Development of Reniform Nematode Resistance in Cotton through Molecular Breeding

Working group session: 
Breeding and Applied Genomics
Presentation type: 
5 minute Oral and Poster
Authors: 
Buyyarapu, Ramesh
McPherson, Mustafa
Mahill, Joel
Parliament, Kelly
Pellow, John
Blackburn, Donald
Author Affliation: 
Corteva Agriscience, The Agricultural Division of DowDupont, 8305 NW 62nd Avenue Johnston, IA 50131
Corteva Agriscience, The Agricultural Division of DowDupont, 4225 Old Highway 61 N Leland, MS 38756
Corteva Agriscience, The Agricultural Division of DowDupont, 850 Plymouth Ave, Corcoran, CA 93212
Corteva Agriscience, The Agricultural Division of DowDupont, 8305 NW 62nd Avenue Johnston, IA 50131
Corteva Agriscience, The Agricultural Division of DowDupont, 850 Plymouth Ave, Corcoran, CA 93212
Corteva Agriscience, The Agricultural Division of DowDupont, 9330 Zionsville Rd, Indianapolis, IN 46268
Abstract: 
The reniform nematode (RN), Rotylenchulus reniformis Linford & Oliveira, has emerged as one of the major pests of cotton contributing to severe yield losses in United States.

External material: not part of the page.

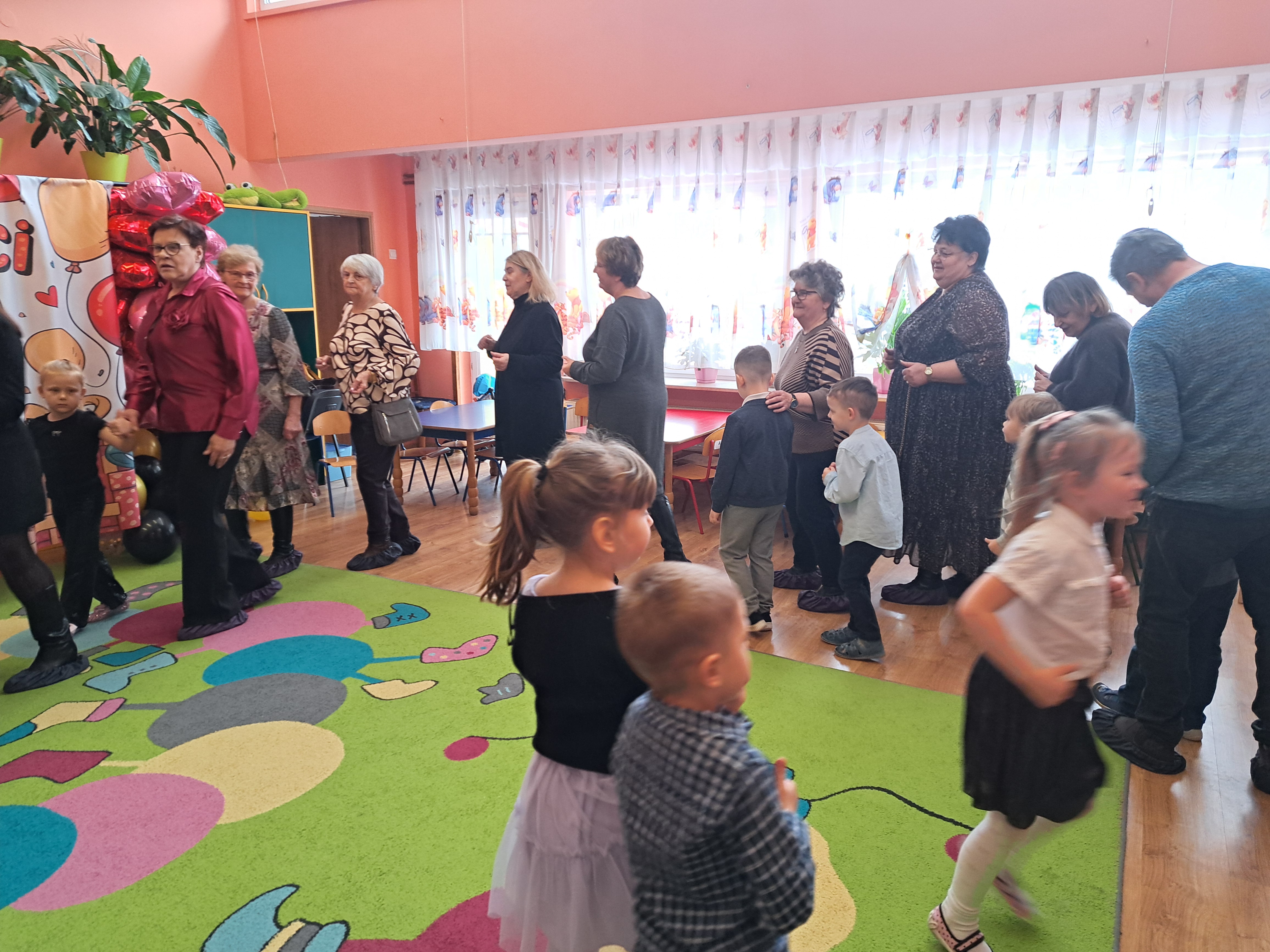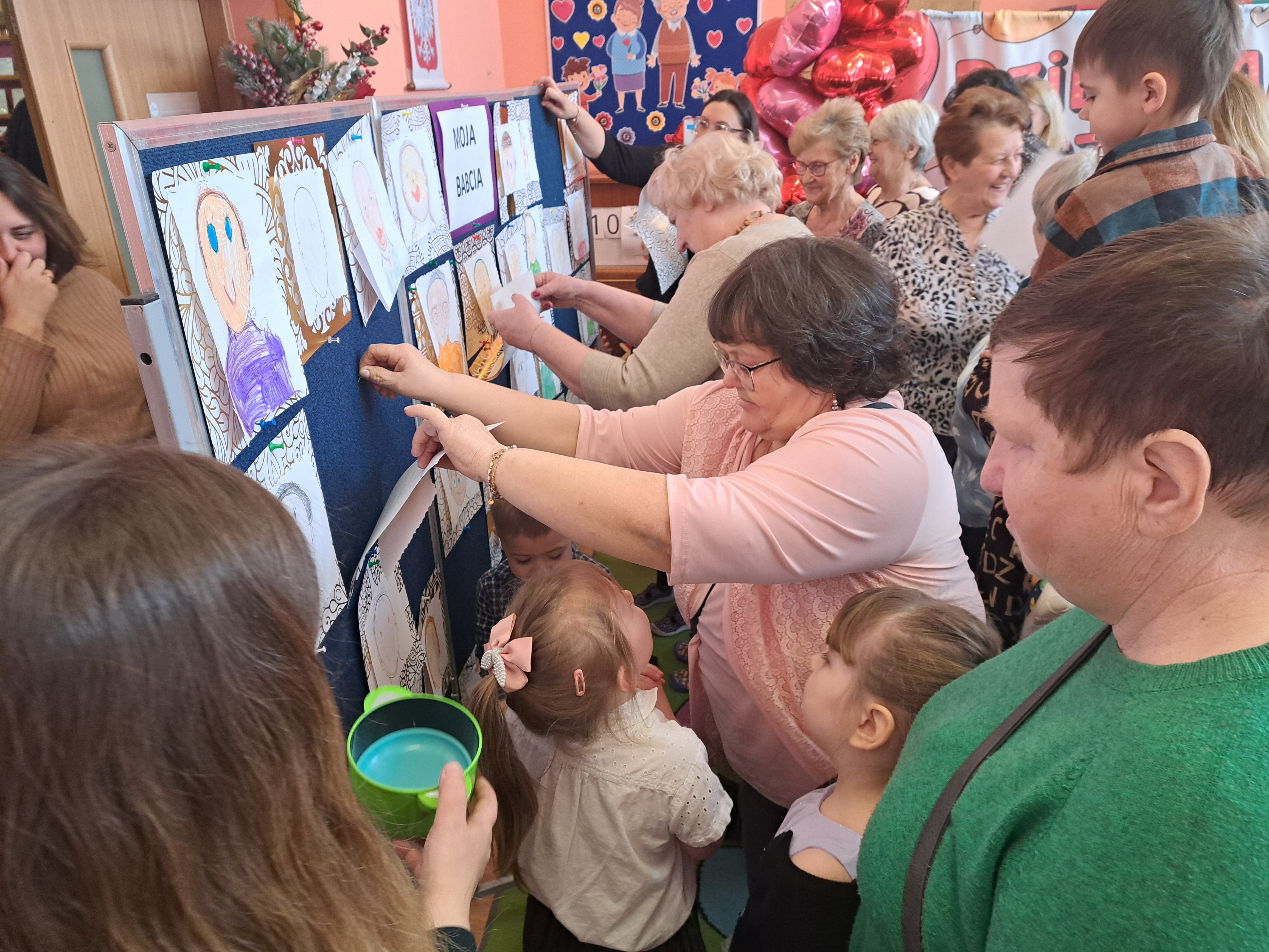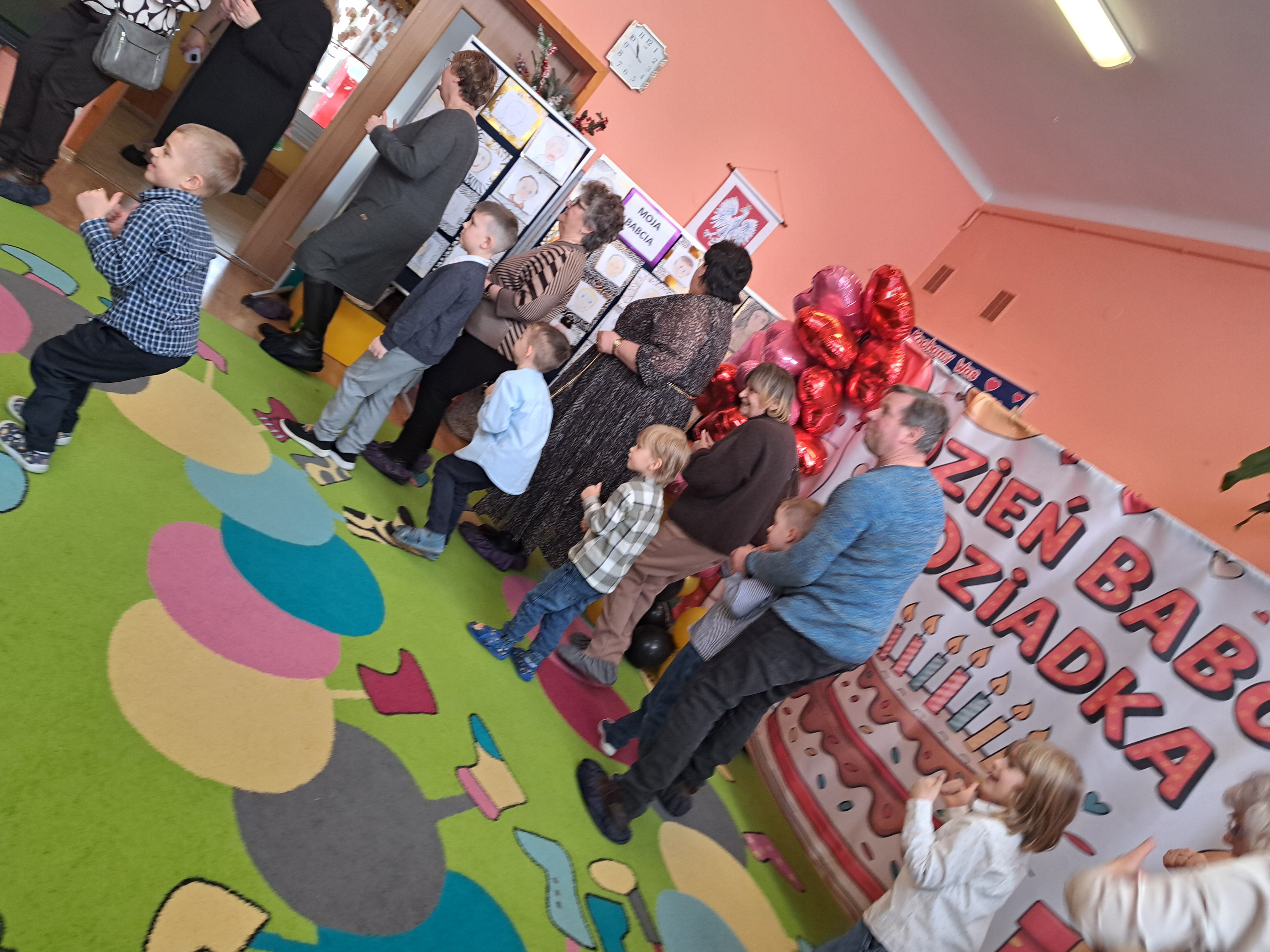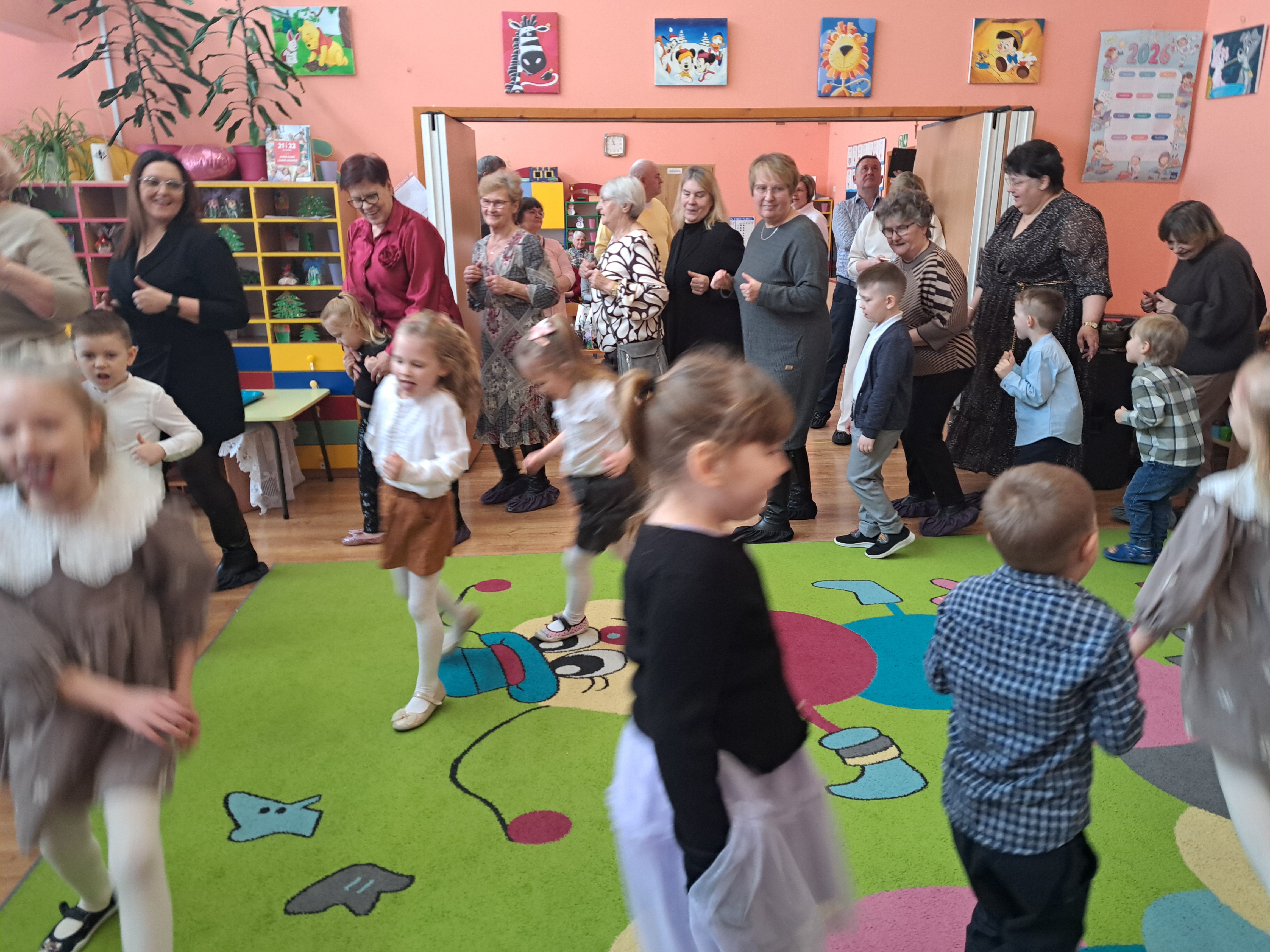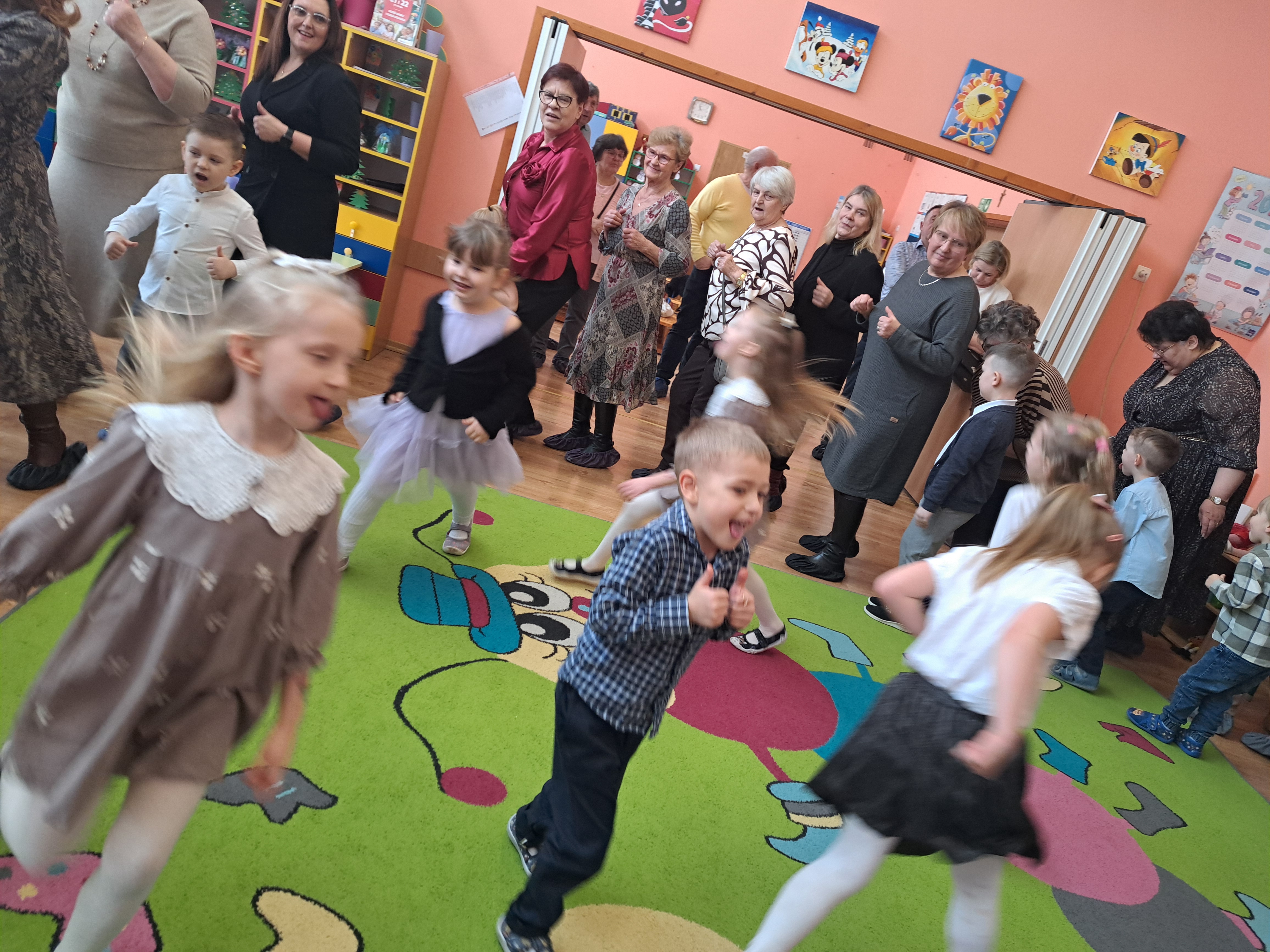 Dnia 10 lutego, w naszej grupie odbyła się uroczystość z okazji Dnia Babci i Dziadka. Misie zaprezentowały wiersze, piosenki, oraz zabawę ruchową przy piosence. Mali artyści z przejęciem prezentowali swoje umiejętności. Ten dzień był wyjątkowy, pełen uśmiechu, radości i niezapomnianych wrażeń. Niesamowitym wyzwaniem dla zaproszonych gości był moment odnalezienia własnego portretu Babci i Dziadka, narysowanego przez wnuczęta, oraz udział w proponowanych zabawach muzyczno-ruchowych. Na zakończenie tego wspaniałego spotkania, dzieci wręczyły swoim ukochanym dziadkom własnoręcznie wykonane upominki (pomalowane kwiatki i udekorowane ciasteczka) i zaprosiły na pyszny tort.

Discontinuation of nematicides such as TEMIK® has necessitated development of varieties with host RN resistance. Although RN resistance had been previously identified in diploid K-genome species, Gossypium longicalyx, and in Inca GB713, a tetraploid wild Mexican race belonging to G. barbadense species; the lack of commercial cotton cultivars with natural host resistance to reniform nematode is currently limiting cotton yield gain. Previously, QTL regions associated with RN resistance from the resistant sources were identified using Simple Sequence Repeat (SSR) markers. More recently, single nucleotide polymorphisms (SNPs) are the marker of choice for high throughput, automatable screening of large populations. Here we report SNP markers associated with RN resistance from the Inca GB713 source. An interspecific mapping population was constructed by crossing an upland RN susceptible genotype with Inca GB713 and was used for phenotyping, genotyping and trait mapping purposes. Two QTLs, a major QTL on chromosome 21 and a minor QTL on chromosome 18 were identified and had explained up to 37% of total phenotypic variation in RN resistance. Leveraging Marker Assisted Selection (MAS) of these closely linked SNP markers and evaluation for linkage drag, the development of improved commercial cultivars with RN resistance was expedited through molecular breeding.